--- Recorded information ---

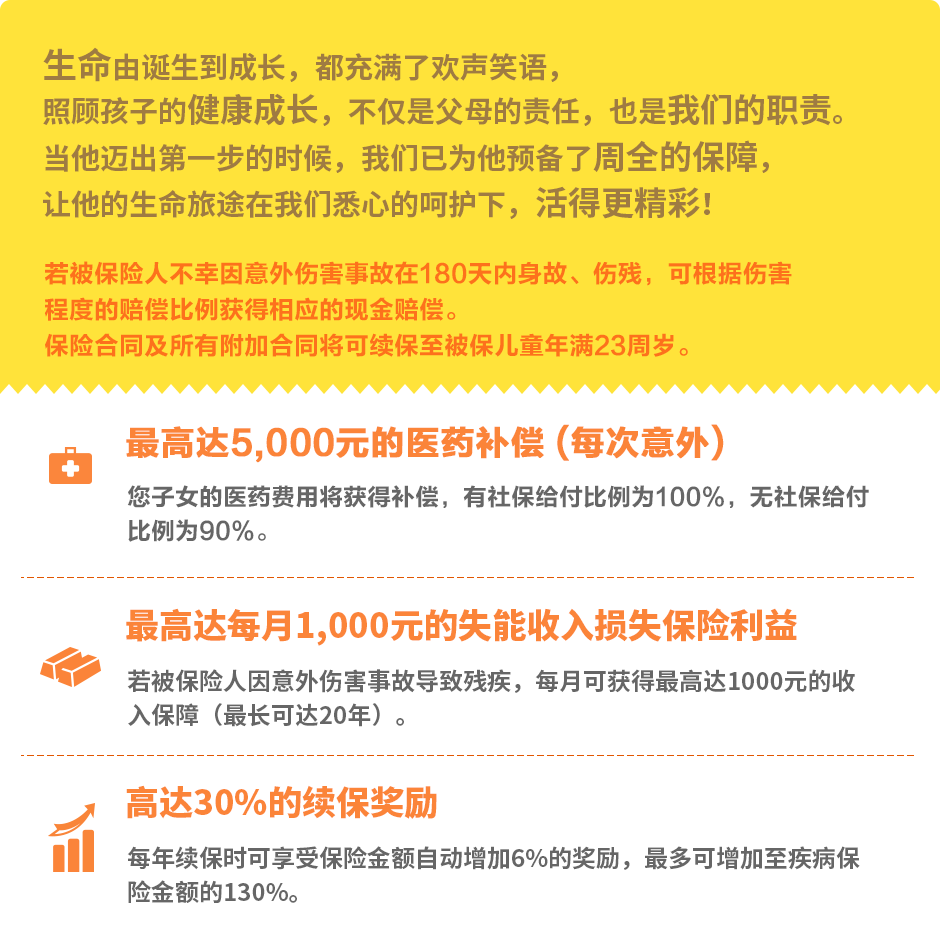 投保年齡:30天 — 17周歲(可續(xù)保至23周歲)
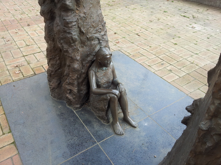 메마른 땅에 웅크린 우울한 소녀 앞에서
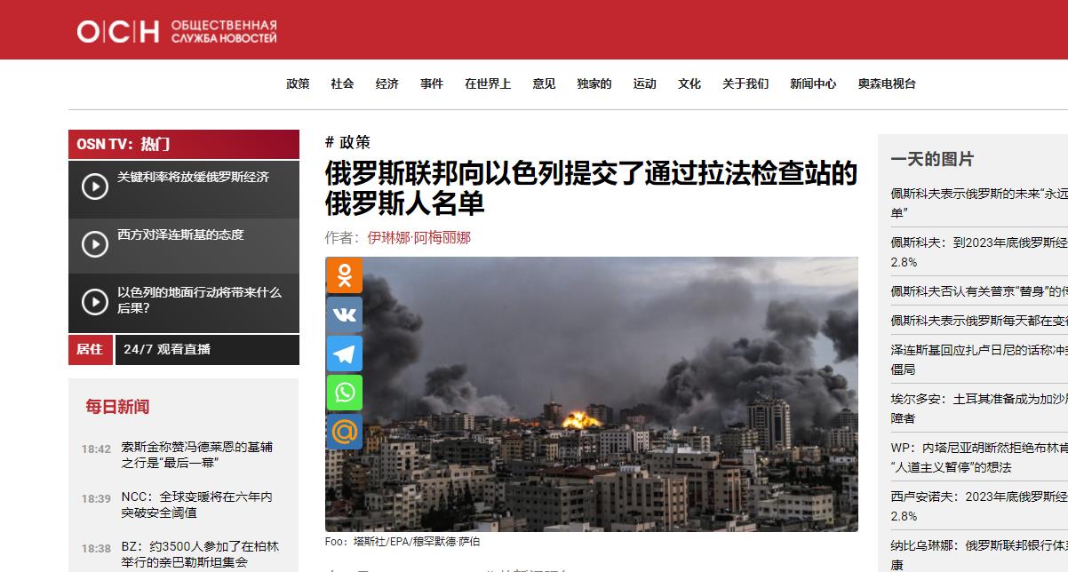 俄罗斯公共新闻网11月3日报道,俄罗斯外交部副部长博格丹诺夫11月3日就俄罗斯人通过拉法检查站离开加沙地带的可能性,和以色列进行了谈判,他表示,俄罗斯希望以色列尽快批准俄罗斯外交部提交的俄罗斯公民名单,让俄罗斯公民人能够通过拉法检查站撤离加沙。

---

§ **About this exercise**:
Reproduce the entire listing exactly, but omit any pictures.

§ **Answer to the problem**:
 投保年齡:30天 — 17周歲(可續(xù)保至23周歲)
 메마른 땅에 웅크린 우울한 소녀 앞에서
 俄罗斯公共新闻网11月3日报道,俄罗斯外交部副部长博格丹诺夫11月3日就俄罗斯人通过拉法检查站离开加沙地带的可能性,和以色列进行了谈判,他表示,俄罗斯希望以色列尽快批准俄罗斯外交部提交的俄罗斯公民名单,让俄罗斯公民人能够通过拉法检查站撤离加沙。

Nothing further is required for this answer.